Barbara Jordan and Charles Rangel
Black Caucus members Barbara Jordan and Charles Rangel – was Watergate relevant to the Black community?

Congressional Black Caucus – ABC News Issues and Answers – May 13, 1974 – Gordon Skene Sound Collection –

Watergate and the scandal overtaking the Nixon White House had dominated the news and preoccupied the thoughts of much of America. Ironically 1974, the year Watergate was heading to impeachment, was also 20 years since Brown vs. Board of Education began the Civil Rights movement in America. In the time since, had much changed? Was Watergate relevant within the Black Community? Were racial divisions in America still as prevalent as they were before 1954?

This episode of ABC’s Issues And Answers, which originally aired in May of 1974 features prominent members of the Congressional Black Caucus; Barbara Jordan, Charles Rangel and Andrew Young. Jordan, who was a prominent figure in the Civil Rights movement was also one of the most eloquent law makers of her generation, and delivered a stunning keynote address at the 1976 Democratic Convention. She was also the first African-American Woman to be elected to Congress from Texas.
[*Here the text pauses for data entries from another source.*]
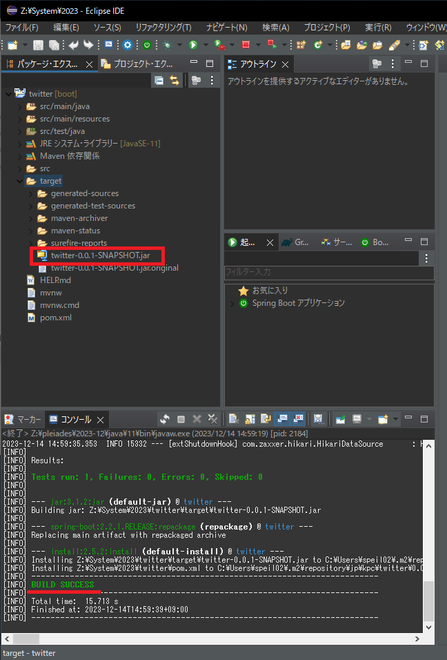 - コマンドプロンプトで「java -jar twitter-0.0.1-SNAPSHOT.jar」を実行する。
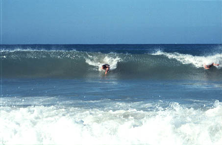2. trin i BodySurf....svøm indtil bølgen skubber der frem....Gutten ved siden af mig rammer bølgen perfekt !!
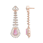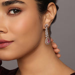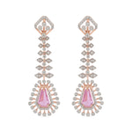These elegant elongated drop earrings feature a radiant teardrop motif surrounded by intricate detailing. Perfect for weddings, festive occasions, or formal events, they exude timeless sophistication and refined craftsmanship, adding a touch of graceful charm to any elegant ensemble.
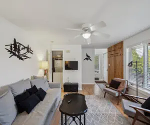 This cozy space sleeps up to four guests, featuring a queen bed in the master bedroom and a pullout couch in the living room.
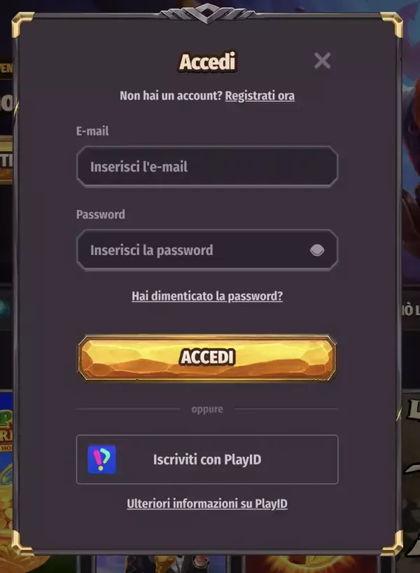 Per completare il login Dragonia, apri il nostro sito e seleziona il pulsante di accesso in alto nella pagina. Inserisci l’indirizzo email usato all’iscrizione e la password creata. Se i dati sono corretti, verrai portato alla dashboard dell’account.
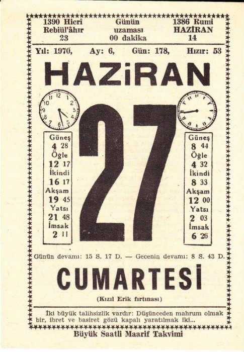 27 HAZİRAN 1970 SAATLİ MAARİF TAKVİMİ YAPRAĞI, en son 1 yıl önce güncellenmiştir.
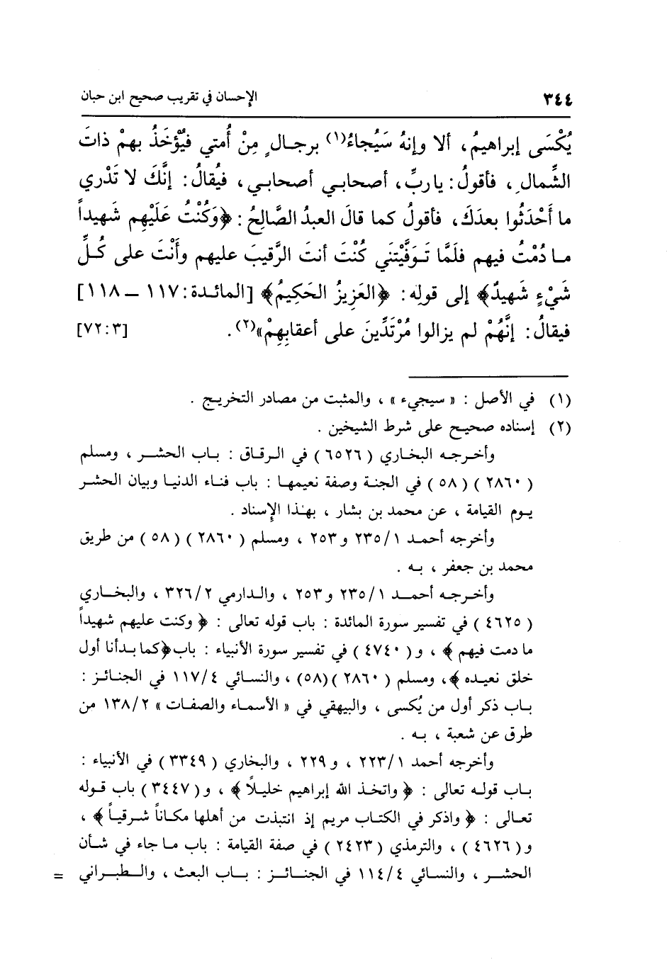 يُكْسَى إِبْرَاهِيمُ أَلَا وَإِنَّهُ 1 سَيُجَاءُ بِرِجَالٍ مِنْ أُمَّتِي فَيُؤْخَذُ بِهِمْ ذَاتَ الشِّمَالِ فَأَقُولُ: يَا رَبِّ أَصْحَابِي أَصْحَابِي, فَيُقَالُ: إِنَّكَ لَا تَدْرِي مَا أَحْدَثُوا بَعْدَكَ فَأَقُولُ كَمَا قَالَ الْعَبْدُ الصَّالِحُ: {وَكُنْتُ عَلَيْهِمْ شَهِيداً مَا دُمْتُ فِيهِمْ فَلَمَّا تَوَفَّيْتَنِي كُنْتَ أَنْتَ الرَّقِيبَ عَلَيْهِمْ وَأَنْتَ عَلَى كُلِّ شَيْءٍ شَهِيدٌ} إلى قوله: {الْعَزِيزُ الْحَكِيمُ} [اللمائدة: 117 - 118] فَيُقَالُ: إِنَّهُمْ لَمْ يَزَالُوا مُرْتَدِّينَ عَلَى أَعْقَابِهِمْ" 2. [3: 72]

Andrew Young too, was prominent in the Civil Rights Movement, having been a close associate of Rev. Martin Luther King. He would later serve as U.S. Ambassador to the United Nations during the Carter administration.

Charles Rangel was a founding member of the Congressional Black Caucus and is the longest serving member of Congress, having first been elected from New York in 1971, succeeding another prominent figure in the Black Community, Adam Clayton Powell.

So these three had more than a few experiences between them regarding the state of race relations in America – and knew a thing or two about how the Black Community felt over the trials and travails of the Nixon White during the Watergate period.

20 years since Brown v. Board of Education and a decades long struggle for Civil Rights – the notion that not a lot had changed under the surface was made glowingly apparent during this interview. And some 42 years later is even more striking.

So as a reminder that some things are hard-pressed to change – and that all it sometimes takes is a few poorly chosen words and a few sanctioned actions and progress goes back to Square One.